Bereiten Sie zunächst eine befeuchtete Kammer vor, indem Sie eine große Objektträgerbox nehmen und die am Deckel haftende Kartonabdeckung entfernen. Legen Sie feuchte Papiertücher senkrecht an den Boden der Schiebebox und achten Sie darauf, dass sie flach liegen. Bereiten Sie den Objektträger für die Färbung durch Entparaffinisierung, Rehydratisierung, Antigengewinnung und Waschen vor.
Entfernen Sie den Objektträger von PBS und wischen Sie überschüssiges PBS ab, während Sie das Taschentuch vermeiden. Zeichnen Sie mit einem hydrophoben Stift einen Kasten um das Gewebe, um eine Barriere zu bilden. Lege die Konturfolie waagerecht über die feuchten Papiertücher.
Fügen Sie etwa 100 Mikroliter Blockierungspuffer hinzu, um das Gewebe zu bedecken. Schließen Sie die Befeuchtungskammer und inkubieren Sie die Objektträger 90 Minuten lang bei Raumtemperatur. Klopfen Sie dann die Blockierungslösung vorsichtig ab.

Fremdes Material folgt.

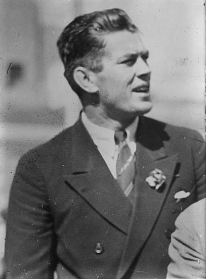 Gene Tunney (1897 – 1978), American boxer

Geben Sie sofort den vorbereiteten Maus-auf-Maus-Block hinzu, um das Gewebe zu bedecken, und inkubieren Sie es 15 Minuten lang bei Raumtemperatur. Nehmen Sie am Ende der Inkubation die Objektträger aus der befeuchteten Kammer und legen Sie sie direkt in ein in PBS getauchtes Objektträgergestell. Entfernen Sie dann die Folien aus PBS.
Klopfen Sie das überschüssige PBS vorsichtig ab und legen Sie es waagerecht zurück in die befeuchtete Kammer. Fügen Sie entsprechend verdünnte Primärantikörper von Interesse hinzu, um das Gewebe zu bedecken. Sobald die Objektträger aus der befeuchteten Kammer entnommen wurden, klopfen Sie die primären Antikörper vorsichtig ab und legen Sie die Objektträger fünf Minuten lang in ein Objektträgerrack, das in PBS getaucht ist.
Nachdem Sie die Objektträger aus PBS entnommen und überschüssiges PBS abgeklopft haben, legen Sie sie horizontal zurück in die befeuchtete Kammer. Fügen Sie entsprechend verdünnte Sekundärantikörper-Fluorophore oder konjugierte Primärantikörper von Interesse hinzu, um das Gewebe zu bedecken. Geben Sie dann entsprechend verdünntes Huist direkt auf das Gewebe, bevor Sie es bei Raumtemperatur im Dunkeln inkubieren.
Legen Sie danach die Objektträger fünf Minuten lang im Dunkeln in eine neue, lösungsmittelbeständige Schale, die mit PBS gefüllt ist. Entfernen Sie jeweils eine Folie, und halten Sie die restlichen Folien im Dunkeln in PBS getaucht. Nachdem Sie überschüssiges PBS entfernt haben, geben Sie ein bis zwei Tropfen Antifading-Eindeckmittel in die Mitte des Gewebes.
Halten Sie einen sauberen Deckslip an den Rändern fest und senken Sie ihn langsam in einem Winkel von 45 Grad auf die Rutsche. Beginnen Sie in der Mitte des Taschentuchs und drücken Sie mit zwei Fingern vorsichtig auf den Deckglas. Befestigen Sie eine geschnittene, ungefilterte P200-Pipette an der Spitze einer serologischen Pipette, die an ein Vakuum angeschlossen ist.
Entlang der Kanten des Deckglases das überschüssige Eindeckmedium mit dem Staubsauger entfernen. Legen Sie den Objektträger in einer neuen Objektträgerbox waagerecht flach hin, bevor Sie ihn im Dunkeln bei Raumtemperatur trocknen lassen. Mikroskopische Aufnahmen zeigten die Morphologie verschiedener Darmsegmente und die Färbung für Becherzellen.
Die apikale Membran, die laterale Membran der Epithelzellen und die Zellkerne. Die Immunfluoreszenzfärbung des Darms hob viele verschiedene zelluläre Kompartimente hervor, darunter proliferative Zellen, das Interstitium, die lysosomale Domäne und das Epithel.